_What the task requires_:
When you repeat the listing below, keep every word exactly and leave out each picture.

_Dataset content_:

--- START ---

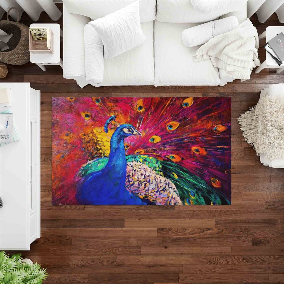 Tapis en laine patchwork imprimé 3D Paon Coloré, écologique, en chenille, pour entrée, avec envers en latex
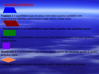 O documento descreve figuras geométricas planas incluindo quadriláteros, triângulos e circunferência. Quadriláteros incluem trapézios, paralelogramos, retângulos e quadrados. Triângulos incluem equiláteros, isósceles e escalenos. A circunferência é definida como todos os pontos no plano a uma distância r do centro.
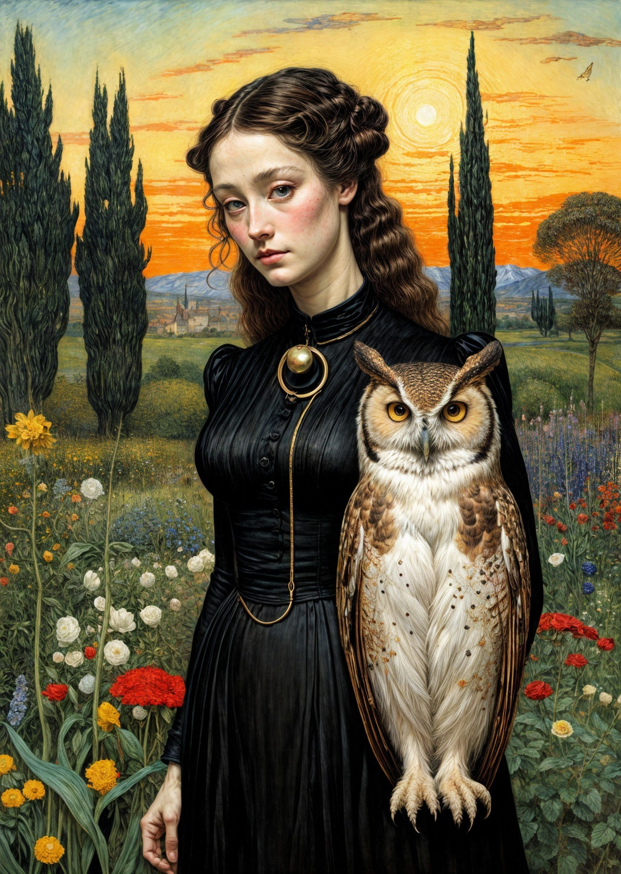 Enchanting Fantasy Garden: Women Walking Owl in 19th Century City

--- END ---

_Result for this task_:
 Tapis en laine patchwork imprimé 3D Paon Coloré, écologique, en chenille, pour entrée, avec envers en latex
 O documento descreve figuras geométricas planas incluindo quadriláteros, triângulos e circunferência. Quadriláteros incluem trapézios, paralelogramos, retângulos e quadrados. Triângulos incluem equiláteros, isósceles e escalenos. A circunferência é definida como todos os pontos no plano a uma distância r do centro.
 Enchanting Fantasy Garden: Women Walking Owl in 19th Century City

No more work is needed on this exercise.